Copy the entries below word for word, but omit any pictures they contain.

_Input data:_
───

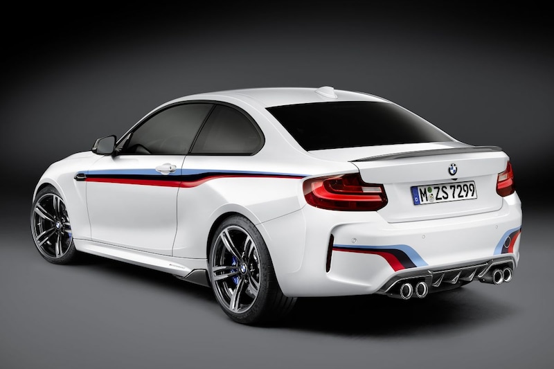 BMW levert de uitgebreide lijn opties en accessoires voor vrijwel alle BMW-modellen, en zelfs een heftig apparaat als de M2 moet eraan geloven. Het uiterlijk volgt het inmiddels bekende recept van koolstofvezel spoilerwerk en lekker donkere wielen. De striping in M-tinten valt het meest op, al is de auto natuurlijk ook zonder deze oorlogskleuren te bestellen. Het interieur wordt niet vergeten.
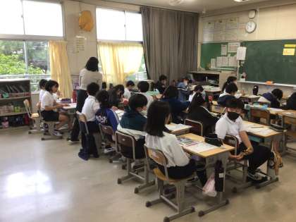 5年生の外国語です。ALT による授業です。
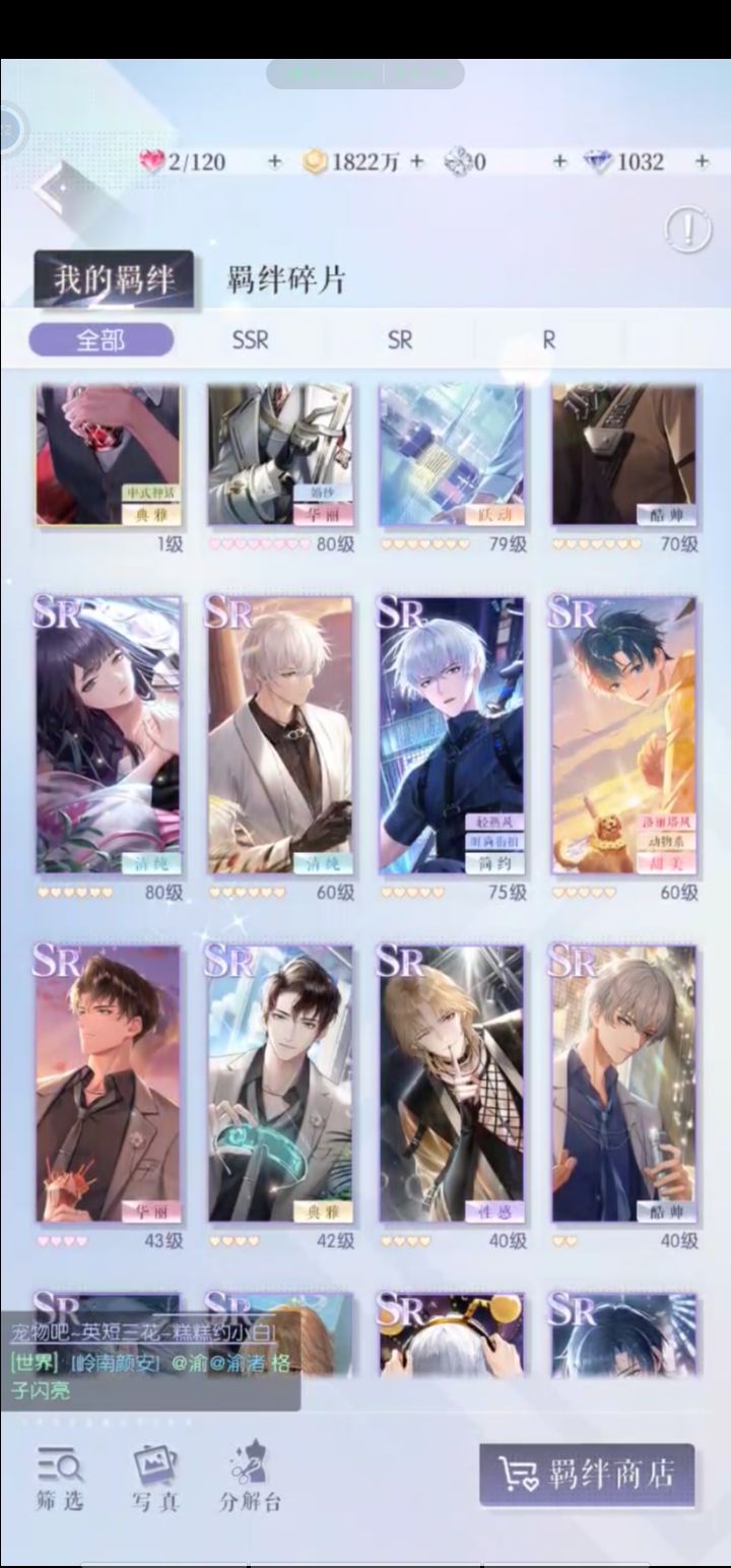 今天把几千的色卡花完,只剩下华丽还的一个了,没抽到ssr和六星裙子,有一个满级满心的一命sr和开满千幻的sr华丽裙。花完几万的协会积分用在华丽课程上,不知道有什么用,顺便上了别的课,花了差不多一千万金币尽力了,没有羁绊升级材料了现在估计没办法提上去了,等下个赛季看看能不能拉满求助一下,下个赛季怎么升华丽。说起来下个赛季就开学了,已畏惧。#游戏种草计划#游戏安利#游戏推荐#游戏讨论#游戏资讯
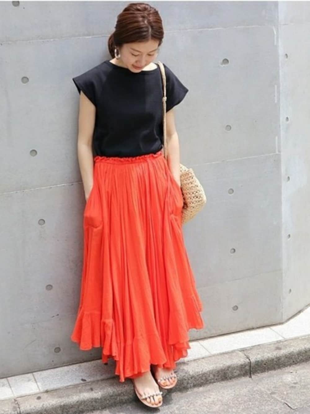 シンプルなトップスに合わせるだけで差がつくデザインスカート。 ランダムにゆれる裾が女性らしくて◎ 透け感のあるコットン素材でこれからの時期に活躍しそう!
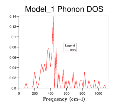 For a grid size of 1x1x1, the single k-point used to calculate the density of states was k() which corresponds to symmetry point L from the phonon dispersion. The peaks of the DOS graph are at frequencies of; 288.49, 351.76, 676.23 and 818.82 cm-1 (please refer to this log file: File:Vrt Harmonic approx111.out) which are identical to the frequencies of the bands at point L on the phonon dispersion. The reason that two peaks in the DOS graph have double the intensity compared with the other two is due to the convergence of 4 acoustic lines to 2 lines at this k-value.

───

_Result:_
 BMW levert de uitgebreide lijn opties en accessoires voor vrijwel alle BMW-modellen, en zelfs een heftig apparaat als de M2 moet eraan geloven. Het uiterlijk volgt het inmiddels bekende recept van koolstofvezel spoilerwerk en lekker donkere wielen. De striping in M-tinten valt het meest op, al is de auto natuurlijk ook zonder deze oorlogskleuren te bestellen. Het interieur wordt niet vergeten.
 5年生の外国語です。ALT による授業です。
 今天把几千的色卡花完,只剩下华丽还的一个了,没抽到ssr和六星裙子,有一个满级满心的一命sr和开满千幻的sr华丽裙。花完几万的协会积分用在华丽课程上,不知道有什么用,顺便上了别的课,花了差不多一千万金币尽力了,没有羁绊升级材料了现在估计没办法提上去了,等下个赛季看看能不能拉满求助一下,下个赛季怎么升华丽。说起来下个赛季就开学了,已畏惧。#游戏种草计划#游戏安利#游戏推荐#游戏讨论#游戏资讯
 シンプルなトップスに合わせるだけで差がつくデザインスカート。 ランダムにゆれる裾が女性らしくて◎ 透け感のあるコットン素材でこれからの時期に活躍しそう!
 For a grid size of 1x1x1, the single k-point used to calculate the density of states was k() which corresponds to symmetry point L from the phonon dispersion. The peaks of the DOS graph are at frequencies of; 288.49, 351.76, 676.23 and 818.82 cm-1 (please refer to this log file: File:Vrt Harmonic approx111.out) which are identical to the frequencies of the bands at point L on the phonon dispersion. The reason that two peaks in the DOS graph have double the intensity compared with the other two is due to the convergence of 4 acoustic lines to 2 lines at this k-value.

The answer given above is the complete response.